Another need for guys to detach from their feelings gets tied in with sex roles.
Wives do the feeling for both of them and husbands do the thinking.
For either to encroach into the others territory violates sacred oaths sworn in front of God, the church and whomever was invited to the wedding.
As blurred as sex roles have become, there remains an underlying residue of socially programmed belief that guys need to remain guys and girls need to be girls.
How else can the tradition of competition between the sexes continue to be carried on? Since guys cannot be made to cry in public, the best weapon girls have continues to be tears.
What can he do but give in to whatever she wants when she bursts into tears? And she cries when she's hurt.
When she's sad.
When she's angry.
When she's scared.
Even when she's happy.
A guy's best weapon is angry intimidation, which loses every point like the game where paper covers rock.
How do we move from where we are to a place where a girl's best friend might be her guy? Mothers would have to begin raising their sons to be emotive too, not just the daughters.
Guys would have to start defining masculinity with the inclusion of our standard ration of emotions.
After all, being emotional doesn't automatically announce that we are gay, despite the stereotype.

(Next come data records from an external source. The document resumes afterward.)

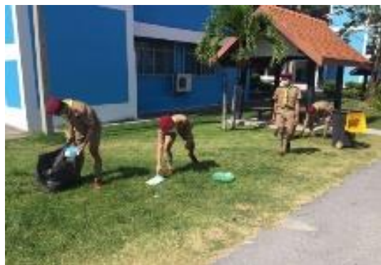
ภาพประกอบกิจกรรมจิตอาสาพัฒนาโรงเรียนและชุมชน วันที่ ๒๕ พฤศจิกายน ๒๕๖๔ ณ จังหวัดชลบุรี
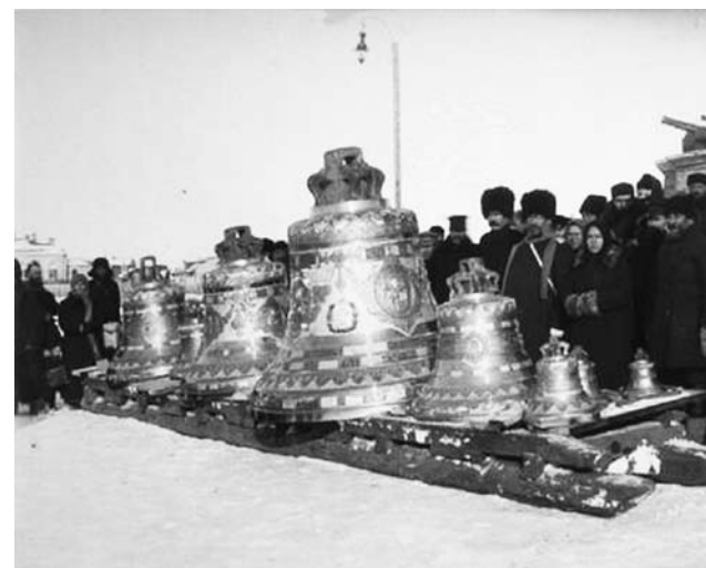
Освящение колоколов 4 ноября 1907 года.
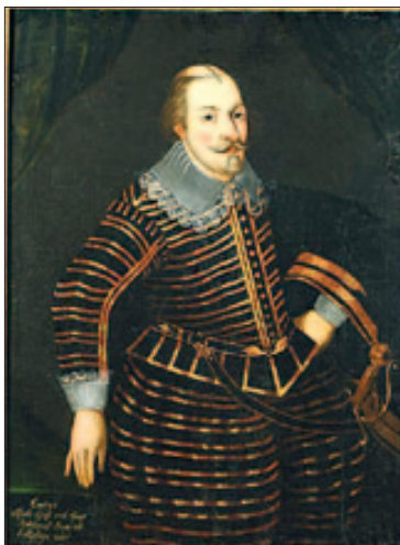
Karol IX Sudermański, król szwedzki
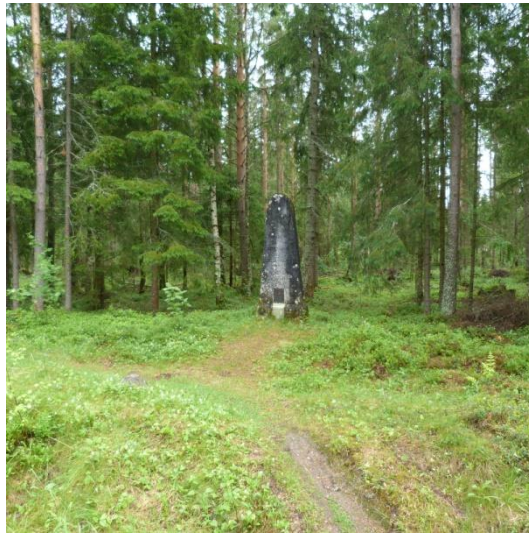
Kuva 13. Kuninkaankivi.

halki paikalle, jossa hän söi tunnetun leipänsä. Kuninkaankivessä lukee kuninkaan nimi ja saattaa olla maininta Peukalo-Liisasta. Nimittäin Peukalo-Liisa teki kuninkaalle leivän ja levitti peukalolla voita leivälle.

Women have to stop having a double standard when it comes to choosing on the basis of a guy's strengths as defined by emotional detachment, then trying to remake him into an image of a sensitive husband later on.
It won't happen over night.
Nor will attitudes change easily, once they've been codified.
But it is encouraging to note that sex differences when it comes to emotional capacity are 90% programmable, rather than genetically determined.
There have been some cracks in the hardened shell of men's armor, comparable to the demonstrated capacity for the feminine sex to think for themselves.
Perhaps the "equal but different" standards are moving closer to "equal while less different," the new norm for future generations.